■ Action item ■
Reproduce, exactly and in full, the lines from the one with "SITUAÇÃO ESCALA 1 : 250" through the one with "Villa Tugendhat, de Mies van der Rohe." in the data below; drop pictures.

Exercise inputs Start Marker

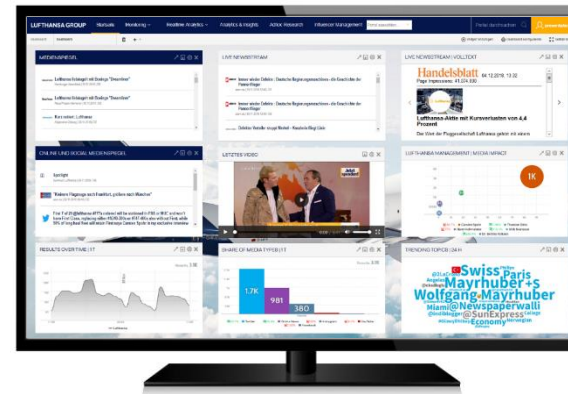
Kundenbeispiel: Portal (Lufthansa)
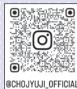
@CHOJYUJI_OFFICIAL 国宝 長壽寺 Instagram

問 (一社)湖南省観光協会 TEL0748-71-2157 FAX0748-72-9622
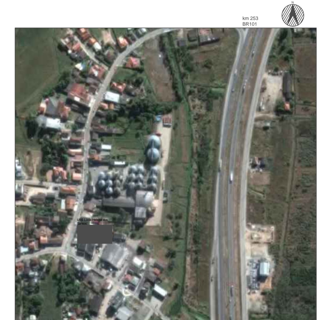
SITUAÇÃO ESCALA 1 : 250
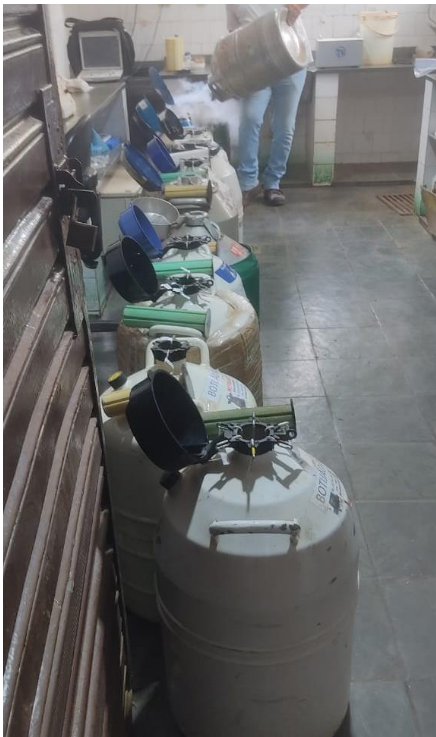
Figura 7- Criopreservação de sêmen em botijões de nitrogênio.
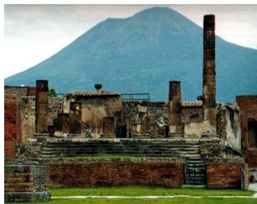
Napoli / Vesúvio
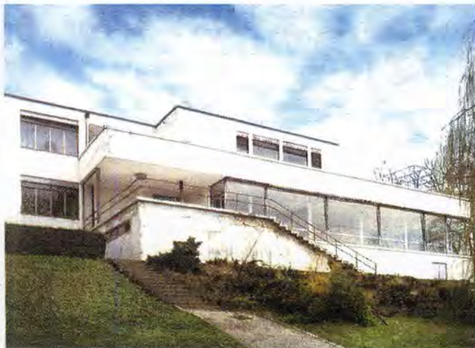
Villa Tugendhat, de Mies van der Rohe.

Exercise inputs End Marker
Exercise inputs Start Marker

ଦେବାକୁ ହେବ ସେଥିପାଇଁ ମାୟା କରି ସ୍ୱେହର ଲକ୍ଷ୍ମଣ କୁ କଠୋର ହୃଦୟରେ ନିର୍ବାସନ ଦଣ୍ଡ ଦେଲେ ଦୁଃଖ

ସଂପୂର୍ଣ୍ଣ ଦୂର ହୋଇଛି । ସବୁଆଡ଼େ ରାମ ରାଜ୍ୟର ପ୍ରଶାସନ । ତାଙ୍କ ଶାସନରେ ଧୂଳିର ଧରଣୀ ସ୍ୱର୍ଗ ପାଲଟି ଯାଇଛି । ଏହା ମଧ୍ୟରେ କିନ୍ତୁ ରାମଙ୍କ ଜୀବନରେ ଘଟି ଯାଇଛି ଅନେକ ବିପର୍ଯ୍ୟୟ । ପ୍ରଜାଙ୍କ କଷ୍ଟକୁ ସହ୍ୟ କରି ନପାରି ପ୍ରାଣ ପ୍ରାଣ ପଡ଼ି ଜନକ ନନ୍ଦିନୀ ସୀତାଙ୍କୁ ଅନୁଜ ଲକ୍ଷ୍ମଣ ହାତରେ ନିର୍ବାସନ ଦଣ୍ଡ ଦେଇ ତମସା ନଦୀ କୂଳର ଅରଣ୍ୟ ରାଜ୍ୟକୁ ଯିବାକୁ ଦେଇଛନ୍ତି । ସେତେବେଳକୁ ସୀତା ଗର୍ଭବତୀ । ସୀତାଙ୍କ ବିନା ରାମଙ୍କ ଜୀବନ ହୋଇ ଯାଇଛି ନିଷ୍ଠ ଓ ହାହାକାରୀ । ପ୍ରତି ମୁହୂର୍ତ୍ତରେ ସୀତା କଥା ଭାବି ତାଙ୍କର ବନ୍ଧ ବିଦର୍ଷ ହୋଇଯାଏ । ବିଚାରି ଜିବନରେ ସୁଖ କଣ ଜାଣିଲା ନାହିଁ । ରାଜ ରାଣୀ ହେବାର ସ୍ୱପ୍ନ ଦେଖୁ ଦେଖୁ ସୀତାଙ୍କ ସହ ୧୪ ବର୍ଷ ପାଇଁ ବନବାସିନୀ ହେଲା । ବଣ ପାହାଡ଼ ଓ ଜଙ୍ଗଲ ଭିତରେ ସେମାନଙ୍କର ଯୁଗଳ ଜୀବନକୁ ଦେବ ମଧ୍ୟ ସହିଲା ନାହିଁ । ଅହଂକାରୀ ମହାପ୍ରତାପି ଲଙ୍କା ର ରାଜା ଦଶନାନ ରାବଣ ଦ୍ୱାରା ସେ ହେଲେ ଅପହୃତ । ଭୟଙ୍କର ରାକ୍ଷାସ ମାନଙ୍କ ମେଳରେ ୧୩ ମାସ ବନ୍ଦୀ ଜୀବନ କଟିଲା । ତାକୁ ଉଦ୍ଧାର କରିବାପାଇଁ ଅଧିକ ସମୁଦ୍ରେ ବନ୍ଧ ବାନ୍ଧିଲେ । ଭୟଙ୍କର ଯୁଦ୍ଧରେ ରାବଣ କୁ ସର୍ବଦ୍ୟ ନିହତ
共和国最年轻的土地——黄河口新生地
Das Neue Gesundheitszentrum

Exercise inputs End Marker

■ Response below ■
SITUAÇÃO ESCALA 1 : 250
Figura 7- Criopreservação de sêmen em botijões de nitrogênio.
Napoli / Vesúvio
Villa Tugendhat, de Mies van der Rohe.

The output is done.